RECORDS SHOWN:
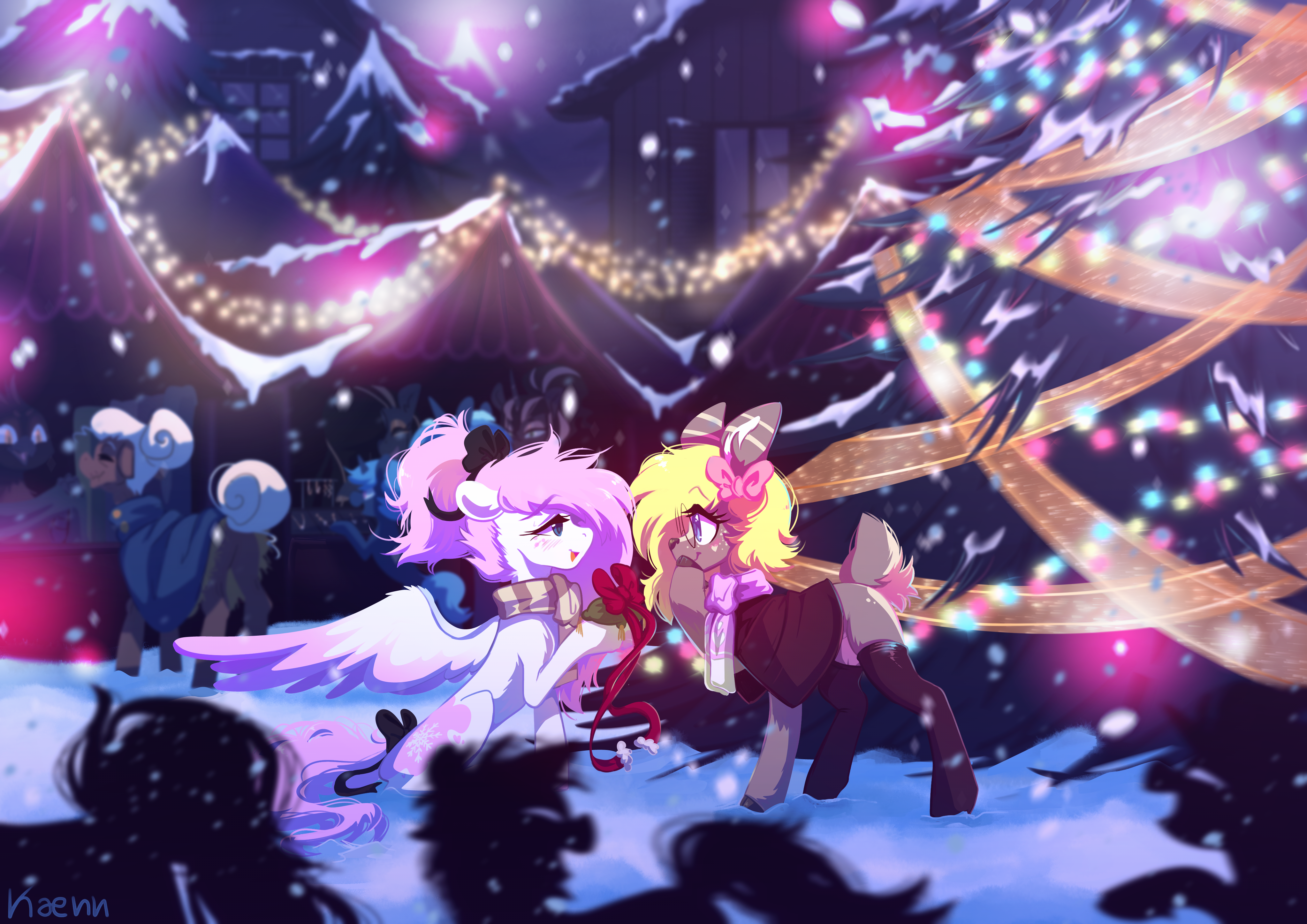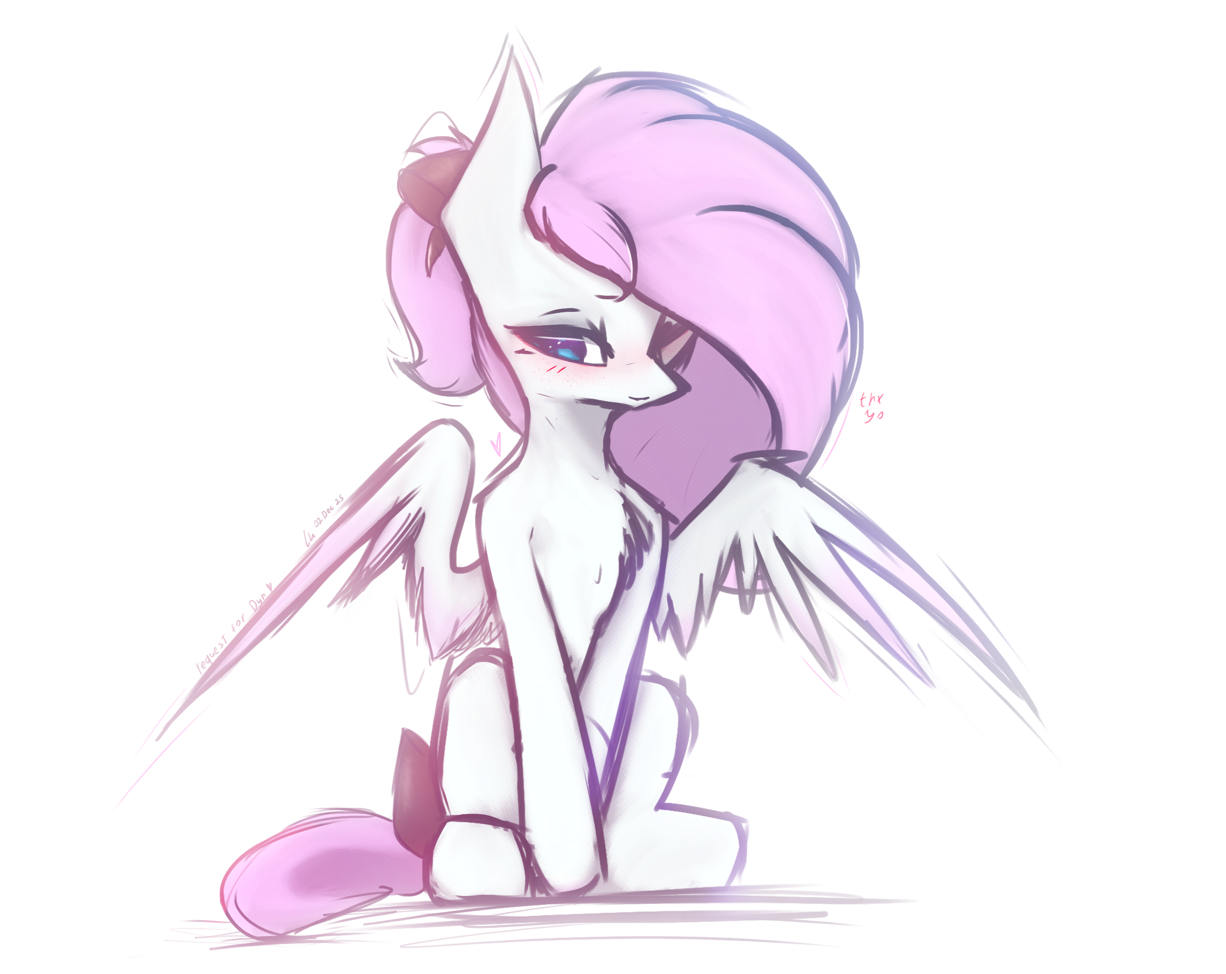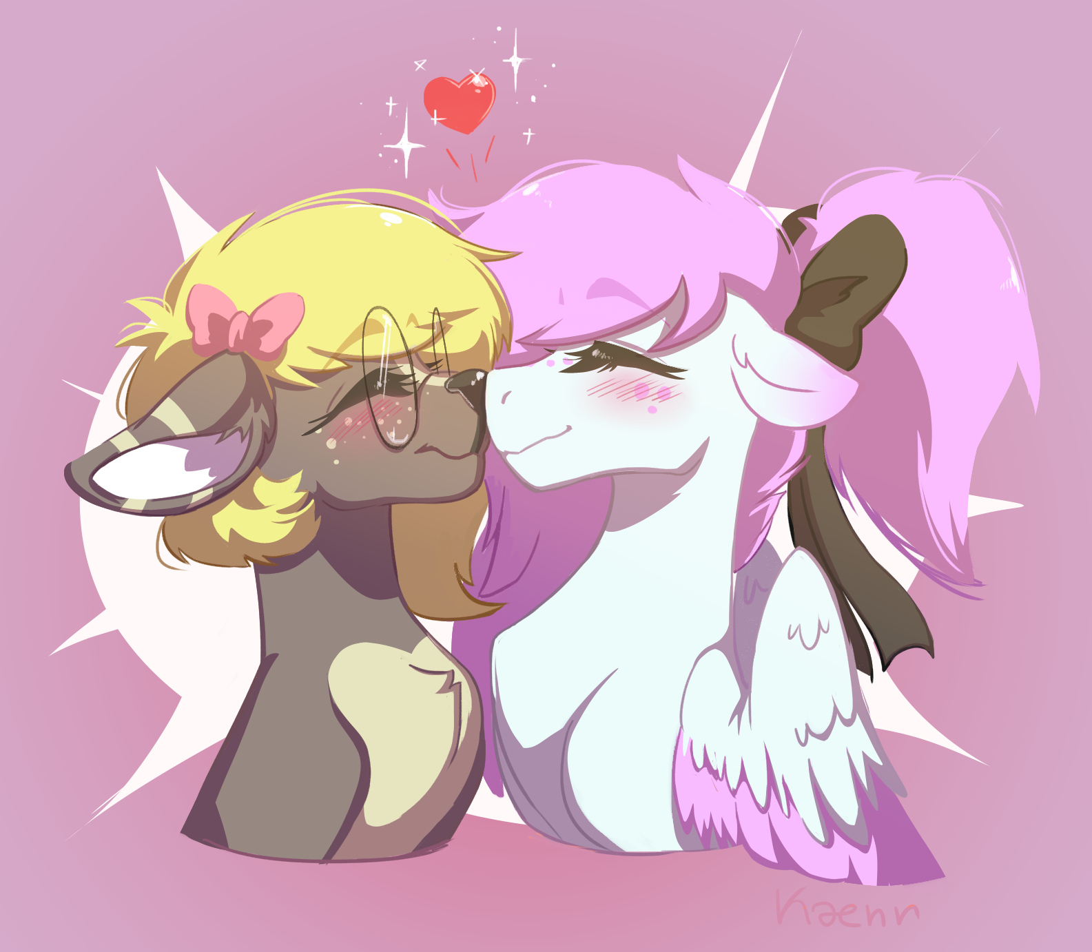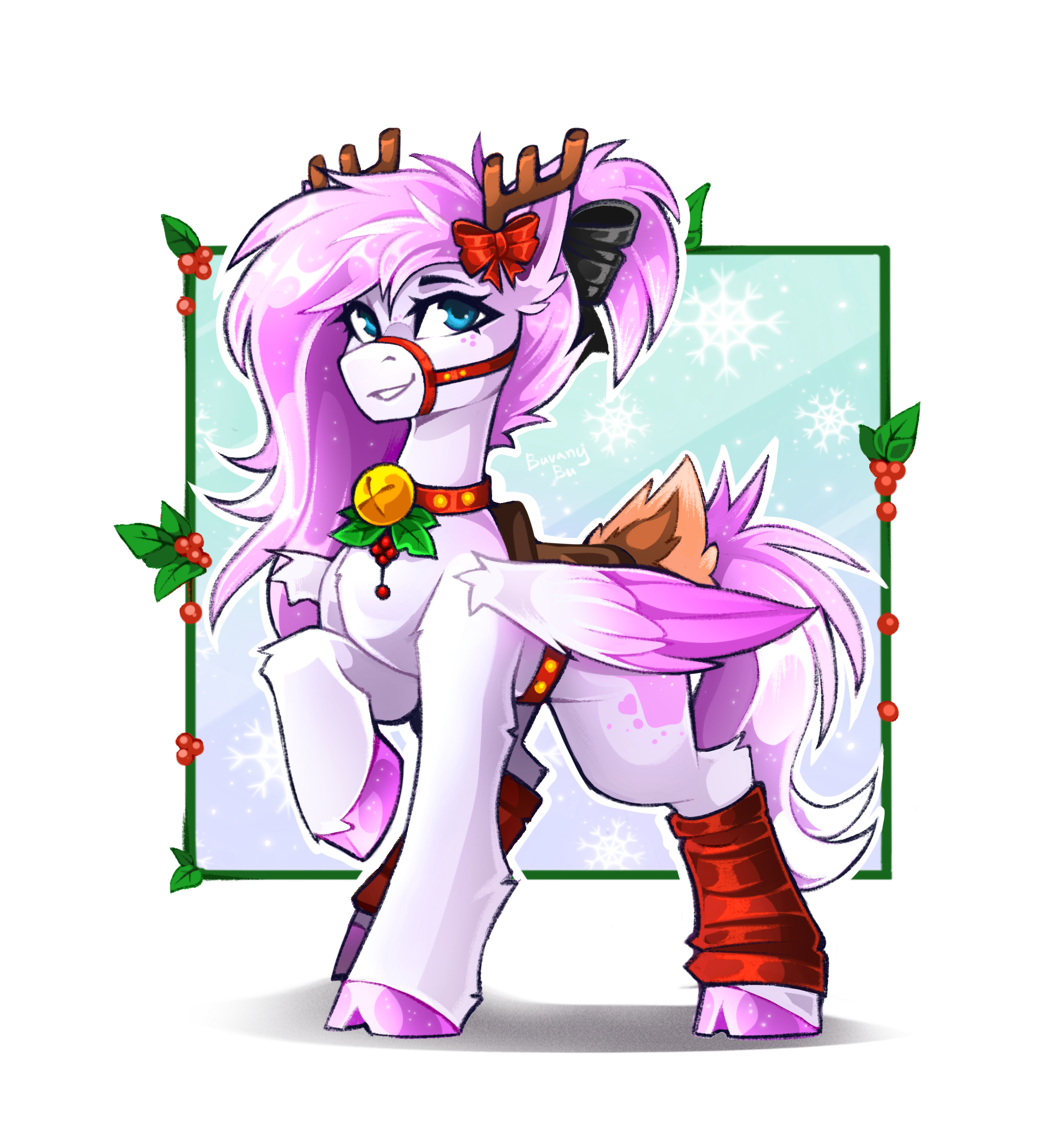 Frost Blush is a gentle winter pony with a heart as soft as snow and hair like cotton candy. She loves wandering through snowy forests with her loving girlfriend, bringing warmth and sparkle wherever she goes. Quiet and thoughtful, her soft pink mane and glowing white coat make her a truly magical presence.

--

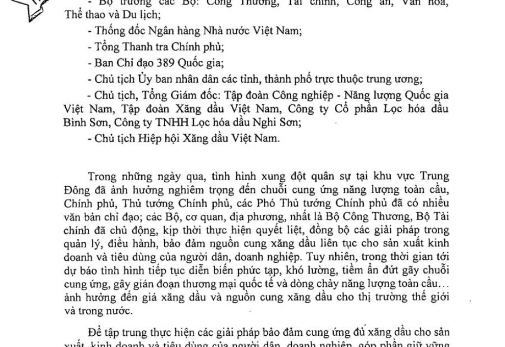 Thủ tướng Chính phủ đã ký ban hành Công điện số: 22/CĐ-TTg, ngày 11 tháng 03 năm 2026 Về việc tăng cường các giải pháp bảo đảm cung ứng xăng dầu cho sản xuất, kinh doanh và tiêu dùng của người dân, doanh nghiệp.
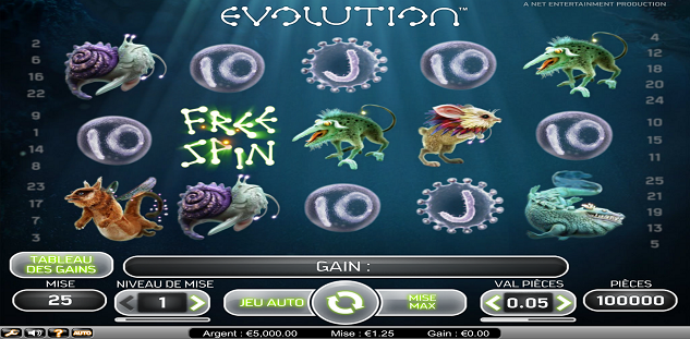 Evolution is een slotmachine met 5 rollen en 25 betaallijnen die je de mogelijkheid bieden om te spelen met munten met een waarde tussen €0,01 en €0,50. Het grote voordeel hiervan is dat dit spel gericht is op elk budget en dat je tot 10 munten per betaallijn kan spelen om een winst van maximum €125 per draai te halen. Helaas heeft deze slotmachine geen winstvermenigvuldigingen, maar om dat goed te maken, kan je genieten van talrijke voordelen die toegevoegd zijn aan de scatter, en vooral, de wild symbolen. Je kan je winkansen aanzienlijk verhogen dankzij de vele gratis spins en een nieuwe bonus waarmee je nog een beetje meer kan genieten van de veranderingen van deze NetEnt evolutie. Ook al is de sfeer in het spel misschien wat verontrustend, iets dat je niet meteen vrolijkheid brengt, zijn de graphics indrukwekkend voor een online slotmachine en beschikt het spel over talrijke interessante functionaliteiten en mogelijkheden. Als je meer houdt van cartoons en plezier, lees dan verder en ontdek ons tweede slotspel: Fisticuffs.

PROBLEM: Your answer must be the lines above from the one holding "Thủ tướng Chính" up to and including the one holding "Evolution is een", exact and with no pictures.

WORKED SOLUTION:
 Thủ tướng Chính phủ đã ký ban hành Công điện số: 22/CĐ-TTg, ngày 11 tháng 03 năm 2026 Về việc tăng cường các giải pháp bảo đảm cung ứng xăng dầu cho sản xuất, kinh doanh và tiêu dùng của người dân, doanh nghiệp.
 Evolution is een slotmachine met 5 rollen en 25 betaallijnen die je de mogelijkheid bieden om te spelen met munten met een waarde tussen €0,01 en €0,50. Het grote voordeel hiervan is dat dit spel gericht is op elk budget en dat je tot 10 munten per betaallijn kan spelen om een winst van maximum €125 per draai te halen. Helaas heeft deze slotmachine geen winstvermenigvuldigingen, maar om dat goed te maken, kan je genieten van talrijke voordelen die toegevoegd zijn aan de scatter, en vooral, de wild symbolen. Je kan je winkansen aanzienlijk verhogen dankzij de vele gratis spins en een nieuwe bonus waarmee je nog een beetje meer kan genieten van de veranderingen van deze NetEnt evolutie. Ook al is de sfeer in het spel misschien wat verontrustend, iets dat je niet meteen vrolijkheid brengt, zijn de graphics indrukwekkend voor een online slotmachine en beschikt het spel over talrijke interessante functionaliteiten en mogelijkheden. Als je meer houdt van cartoons en plezier, lees dan verder en ontdek ons tweede slotspel: Fisticuffs.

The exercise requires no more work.